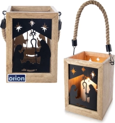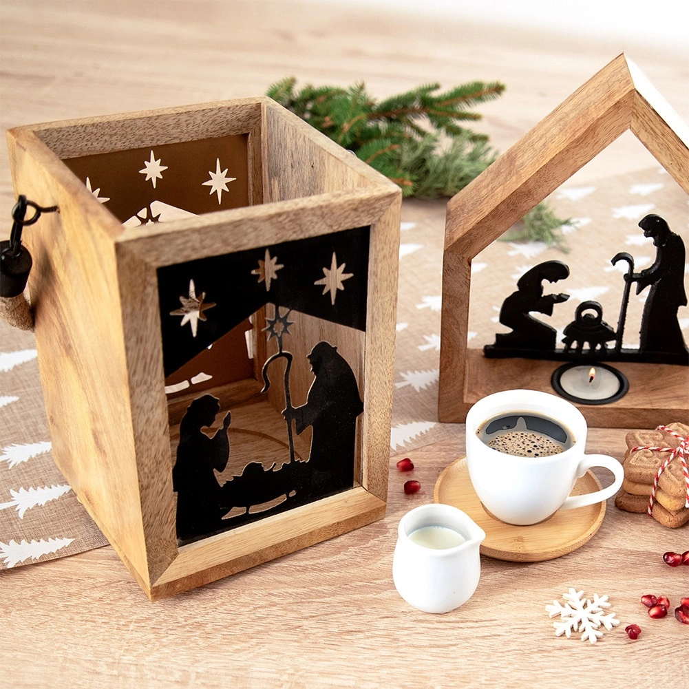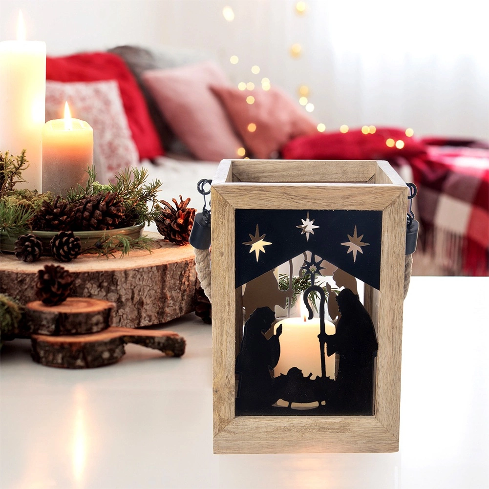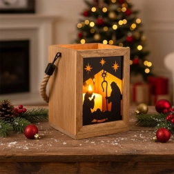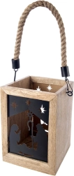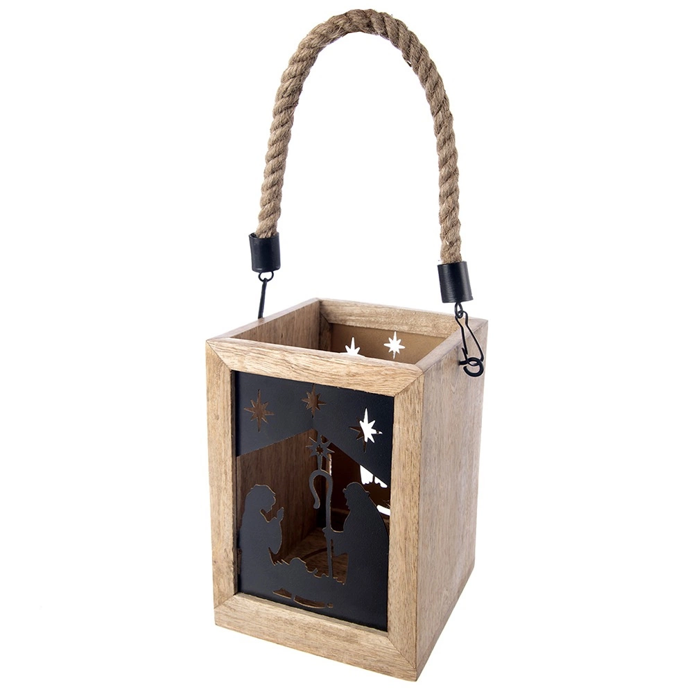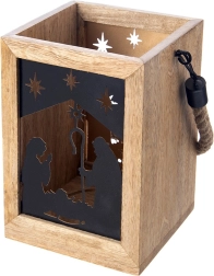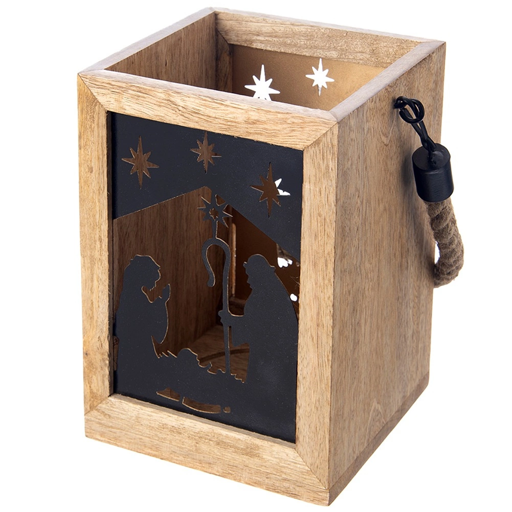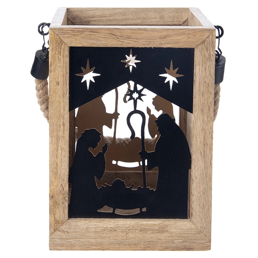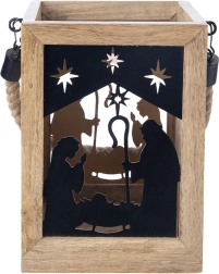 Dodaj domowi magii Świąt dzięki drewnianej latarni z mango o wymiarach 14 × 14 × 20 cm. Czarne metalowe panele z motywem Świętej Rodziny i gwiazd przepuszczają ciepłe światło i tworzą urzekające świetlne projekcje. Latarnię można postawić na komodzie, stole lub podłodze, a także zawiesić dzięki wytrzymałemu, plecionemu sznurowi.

---

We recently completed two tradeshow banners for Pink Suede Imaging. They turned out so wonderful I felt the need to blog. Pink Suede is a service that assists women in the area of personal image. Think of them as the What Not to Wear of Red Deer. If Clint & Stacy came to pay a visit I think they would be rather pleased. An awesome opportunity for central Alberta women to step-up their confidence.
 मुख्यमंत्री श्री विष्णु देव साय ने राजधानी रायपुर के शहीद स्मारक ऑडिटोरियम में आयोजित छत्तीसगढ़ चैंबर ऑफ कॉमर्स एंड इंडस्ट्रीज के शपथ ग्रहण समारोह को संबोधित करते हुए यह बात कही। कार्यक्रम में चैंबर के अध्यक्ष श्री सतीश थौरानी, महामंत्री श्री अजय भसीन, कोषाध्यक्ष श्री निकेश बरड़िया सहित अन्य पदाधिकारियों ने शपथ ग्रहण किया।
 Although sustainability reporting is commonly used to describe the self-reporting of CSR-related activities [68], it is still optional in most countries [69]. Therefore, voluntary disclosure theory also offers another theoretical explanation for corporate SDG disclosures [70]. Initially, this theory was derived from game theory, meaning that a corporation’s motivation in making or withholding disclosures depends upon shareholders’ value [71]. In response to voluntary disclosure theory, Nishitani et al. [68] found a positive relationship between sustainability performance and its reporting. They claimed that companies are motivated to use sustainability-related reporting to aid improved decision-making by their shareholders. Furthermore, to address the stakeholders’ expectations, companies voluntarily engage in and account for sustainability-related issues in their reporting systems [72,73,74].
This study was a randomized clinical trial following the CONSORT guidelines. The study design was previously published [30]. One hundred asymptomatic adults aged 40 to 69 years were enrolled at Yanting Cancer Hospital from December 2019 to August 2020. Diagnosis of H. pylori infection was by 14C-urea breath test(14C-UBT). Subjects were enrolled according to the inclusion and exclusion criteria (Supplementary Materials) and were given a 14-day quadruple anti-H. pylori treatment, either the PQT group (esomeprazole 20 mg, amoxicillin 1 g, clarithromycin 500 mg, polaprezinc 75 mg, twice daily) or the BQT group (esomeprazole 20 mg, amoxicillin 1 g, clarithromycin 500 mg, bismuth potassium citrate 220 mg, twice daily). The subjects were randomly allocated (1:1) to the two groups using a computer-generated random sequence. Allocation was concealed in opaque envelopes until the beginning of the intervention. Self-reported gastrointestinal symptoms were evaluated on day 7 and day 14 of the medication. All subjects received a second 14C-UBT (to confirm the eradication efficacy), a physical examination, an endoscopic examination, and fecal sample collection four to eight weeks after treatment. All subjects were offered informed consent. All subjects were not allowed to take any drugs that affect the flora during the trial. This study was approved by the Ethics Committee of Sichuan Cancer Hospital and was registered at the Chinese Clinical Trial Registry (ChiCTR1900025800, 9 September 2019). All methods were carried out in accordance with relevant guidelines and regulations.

*ABOUT THIS TASK*. From the line containing "We recently completed" down to the line containing "मुख्यमंत्री श्री विष्णु" in the material above, reproduce every line exactly, including the two end lines.

*ANSWER SPACE*.
We recently completed two tradeshow banners for Pink Suede Imaging. They turned out so wonderful I felt the need to blog. Pink Suede is a service that assists women in the area of personal image. Think of them as the What Not to Wear of Red Deer. If Clint & Stacy came to pay a visit I think they would be rather pleased. An awesome opportunity for central Alberta women to step-up their confidence.
 मुख्यमंत्री श्री विष्णु देव साय ने राजधानी रायपुर के शहीद स्मारक ऑडिटोरियम में आयोजित छत्तीसगढ़ चैंबर ऑफ कॉमर्स एंड इंडस्ट्रीज के शपथ ग्रहण समारोह को संबोधित करते हुए यह बात कही। कार्यक्रम में चैंबर के अध्यक्ष श्री सतीश थौरानी, महामंत्री श्री अजय भसीन, कोषाध्यक्ष श्री निकेश बरड़िया सहित अन्य पदाधिकारियों ने शपथ ग्रहण किया।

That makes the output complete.